Aaron Kreuter is the author of the short story collection You and Me, Belonging and the poetry collection Arguments for Lawn Chairs. His writing has appeared in places such as Grain Magazine, The Puritan, The Temz Review, and The Rusty Toque. Kreuter lives in Toronto and is a postdoctoral fellow at Carleton University. His second collection of poetry, Shifting Baseline Syndrome, came out this spring with Oskana Poetry and Poetics.
How does your work first enter the world? Do you have a social group or writers group that you work ideas and poems with?

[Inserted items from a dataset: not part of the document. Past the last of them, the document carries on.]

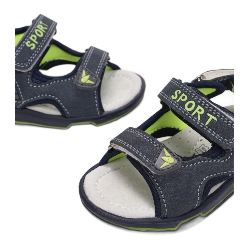 We present the Vices T54-36-93 children's sandals in a unique blue color, perfect for summer days. Set on a thick, flat sole, they provide stability and comfort. The open, round toe allows for free air flow, which makes your feet feel fresh all day long.
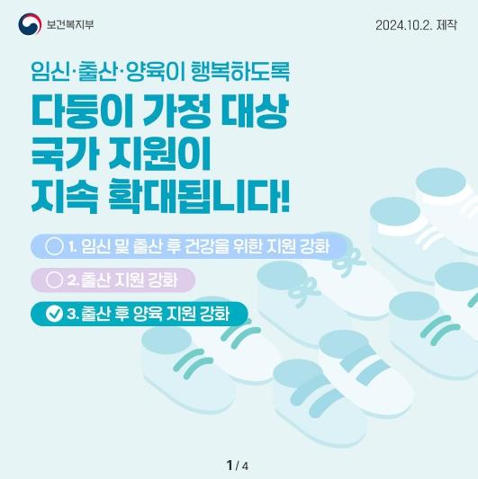 2자녀(쌍둥이 포함) 이상 가구에 대한 돌봄서비스, 본인부담금 할인 적용 등 정부 지원을 확대했습니다.?부모 모두 육아휴직 중이라도 쌍둥이 이상 출산한 가정의 경우 양육공백으로 인정하고 아이돌보미를 지원합니다. (’24.1.~)
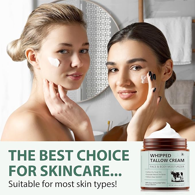 - Suitable for all skin types, our beef tallow moisturizer provides gentle, natural skincare solutions for a healthy, radiant complexion. Say goodbye to dry, dull skin.
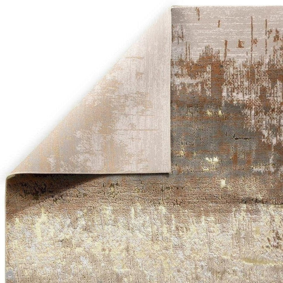 The Aurora AU01 Dune Runner introduces a rich and inviting presence with its abstract distressed marbled design enhanced by a subtle metallic shimmer. The interplay of Bronze, Gold, Rust/Terracotta, Beige, Grey, and Cream tones creates a warm, sophisticated effect that feels both artistic and contemporary. Its smooth, low-profile cut pile adds comfort and practicality, making this rug a perfect choice for living rooms, dining areas, and bedrooms seeking elegance with a modern edge.
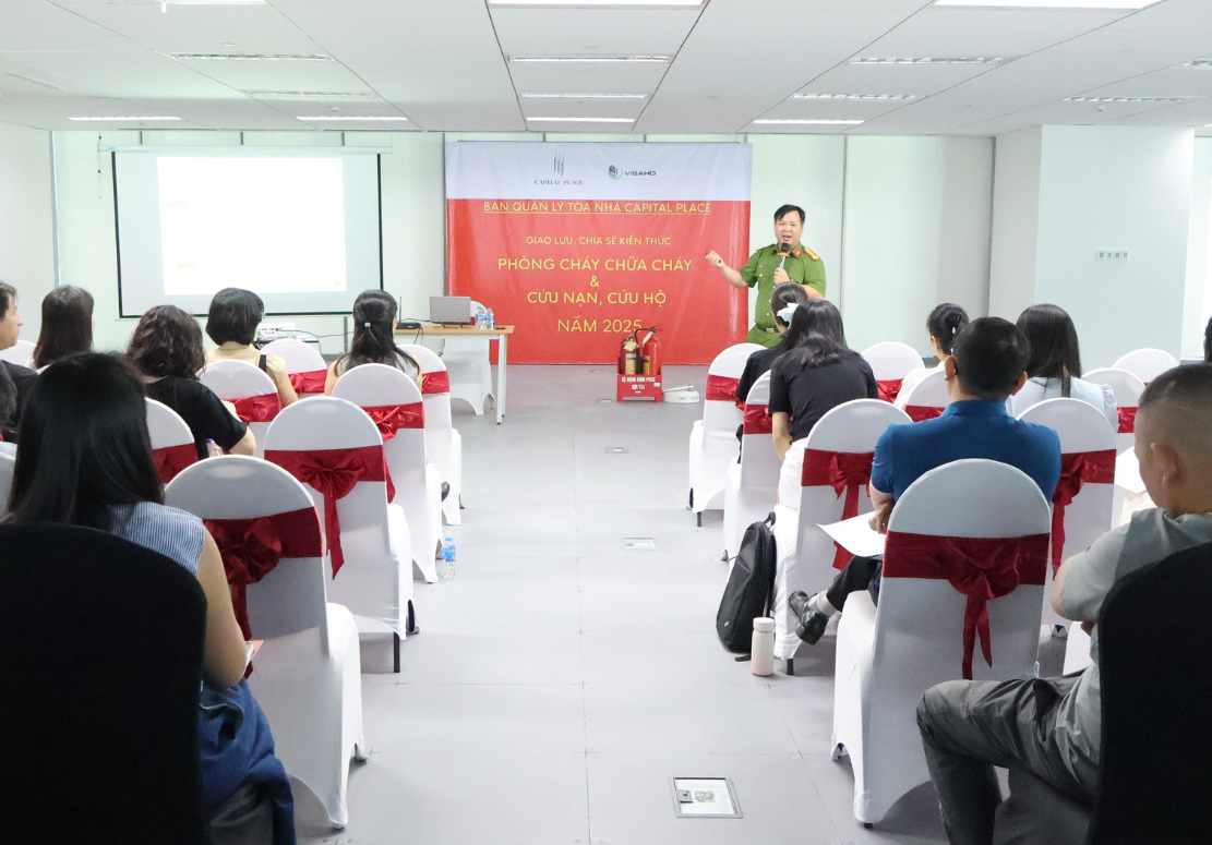 去る10月17日、キャピタルプレイスを管理するVISAHO運営管理機関は、ハノイ市消防警察・救助隊と協力し、お客様やテナントの緊急時の対応スキル向上を目的とした防火・消火・救助に関する啓発セミナーと訓練を実施しました。
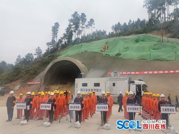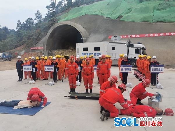 别急,这不是真实发生的场景,只是四川省生产安全救援中心指导隧道承建单位中铁十二局在施工现场开展的防汛抢险综合演练,成自高铁各参建单位参加了演练。
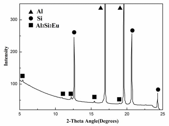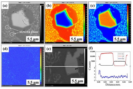 For purpose of elucidating the Eu distribution in the microstructure, Figure 5 presents the micro x–ray diffraction (μ–XRD) pattern for the HP Al–16Si–0.2Eu alloy, confirming the existence of the Al2Si2Eu phase together with Al and Si. The overall distribution of Eu in the HP Al–16Si–0.2Eu alloy was easy to distinguish in the back scattered electron (BSE) image with a much brighter contrast in the microstructure, where the small Al2Si2Eu phase was frequently observed in the eutectic mixture, as demonstrated in Figure 6a. The electron probe microanalysis (EPMA) mappings in Figure 6b–d show that no distinct enrichment of Eu was observed within primary Si, and Eu was mainly distributed in the eutectic mixture, which corresponded well to the small Al2Si2Eu phase in Figure 6a. It was further supported by using the EPMA line analysis in Figure 6e,f, indicating that the Eu concentration in eutectic Si was much higher than primary Si.
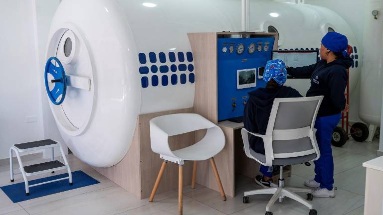 Esta situación cambia radicalmente en una cámara hiperbárica donde el oxígeno puro llega al 100%. “Dentro del equipo incrementamos la presión atmosférica aumentando hasta 23 veces la cantidad de oxígeno, con lo cual hiperoxigenamos nuestras células que nos ayudarán en múltiples factores”, explica Paúl Pástor, jefe del departamento médico de Medical Hiperbárica.
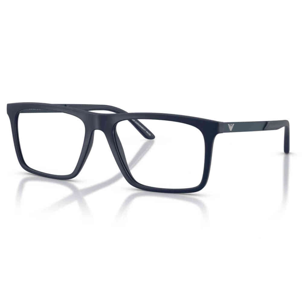 O modelo da Emporio Armani traz um design retangular com acabamento azul fosco, ideal para homens que buscam um visual moderno e elegante. Fabricado em acetato ou grilamid, combina leveza, resistência e conforto para o uso diário.
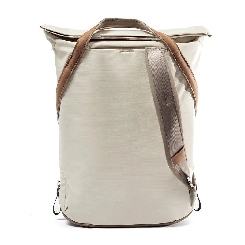 The clean look of a tote with the active carry convenience of a backpack, the Everyday Totepack is ideal for on-the-go everyday and photo carry. Padded backpack straps quickly stow, leaving you with robust padded hand carry straps. An extra-wide top access point seals via magnetic clasp or weatherproof zip. Dual zip access points on either side for grabbing your camera, water bottle, or other oft-used items. Inside, FlexFold dividers can mount horizontally or vertically to give customized, protective storage. Stretchy internal pockets for small items, plus dedicated laptop (15”) and tablet sleeves. Outside, a 100% recycled 400D weatherproof shell keeps everything safe. Carry even more with 2 stowable external carry cinch straps.
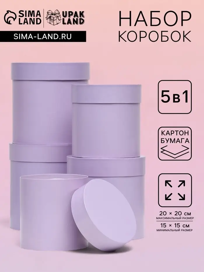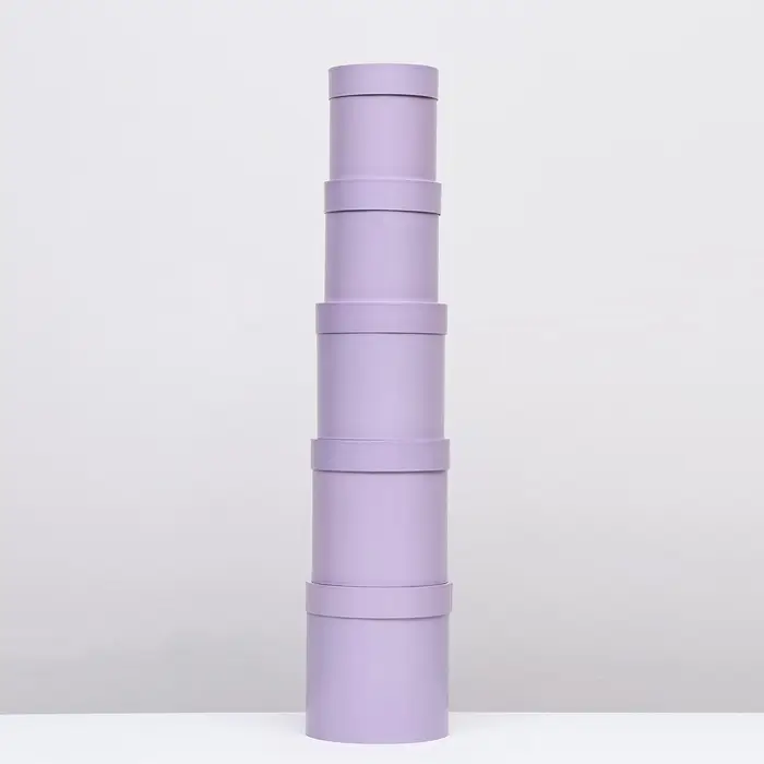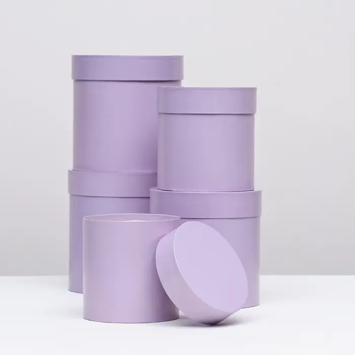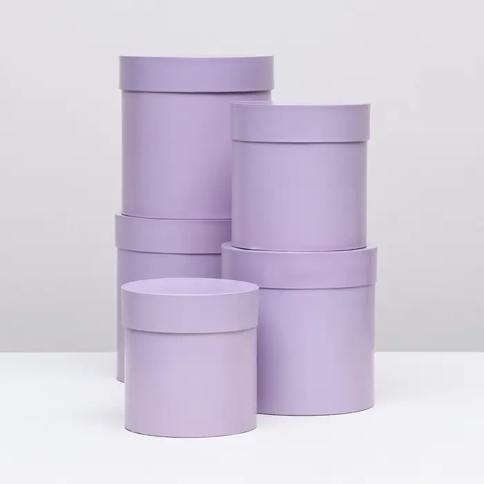 Перламутровый блеск в классической форме. Набор круглых коробок-тубусов 5 в 1 «Сирень перламутровая» — это комплект жёстких фигурных коробок с деликатным переливом. Пять вложенных друг в друга цилиндров из плотного картона предлагают решение для упаковки, где важны и безупречная форма, и лёгкий декоративный эффект.
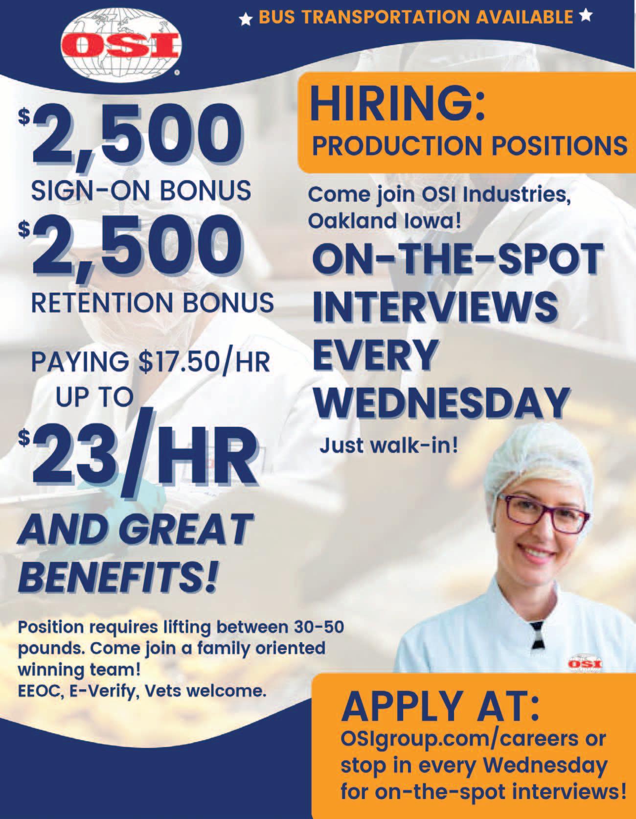 COMPETITIVE PAY with great benefits. OSI food supplier in Oakland, IA. is hiring for multiple positions and shifts. Bus transportation available. Apply at www.OSI group.com/careers

At the moment, I am not in a writer’s group, though I have been in them before and I believe they’re an important part of the writing community. That being said, the work of writing a new poem is similar to being in a writer’s group of one: every time I return to the poem I’m a different person, in a different mood, with different sectors alit, with different levels of chemical and linguistic attention. The goal, in some ways, is to work the poem again and again until all the various members of myself are pleased—or, at least, indifferent—to the poem. After that, I’m a strong proponent of sharing my work before I submit it; I’ll read it to my partner, my family, my friends, the dog, the plants, basically anybody who will listen. (I will also read a poem I’m working on aloud to myself many, many times.) If I can’t get something quite right in a poem, I’ll share a written copy to get feedback. My poetry writing process is one of repetition, of experiment, of play; of, in a word, rewriting. I just go and go and go at a poem until there seems nowhere else to go. Then I wait a bit, come back to it, and go some more.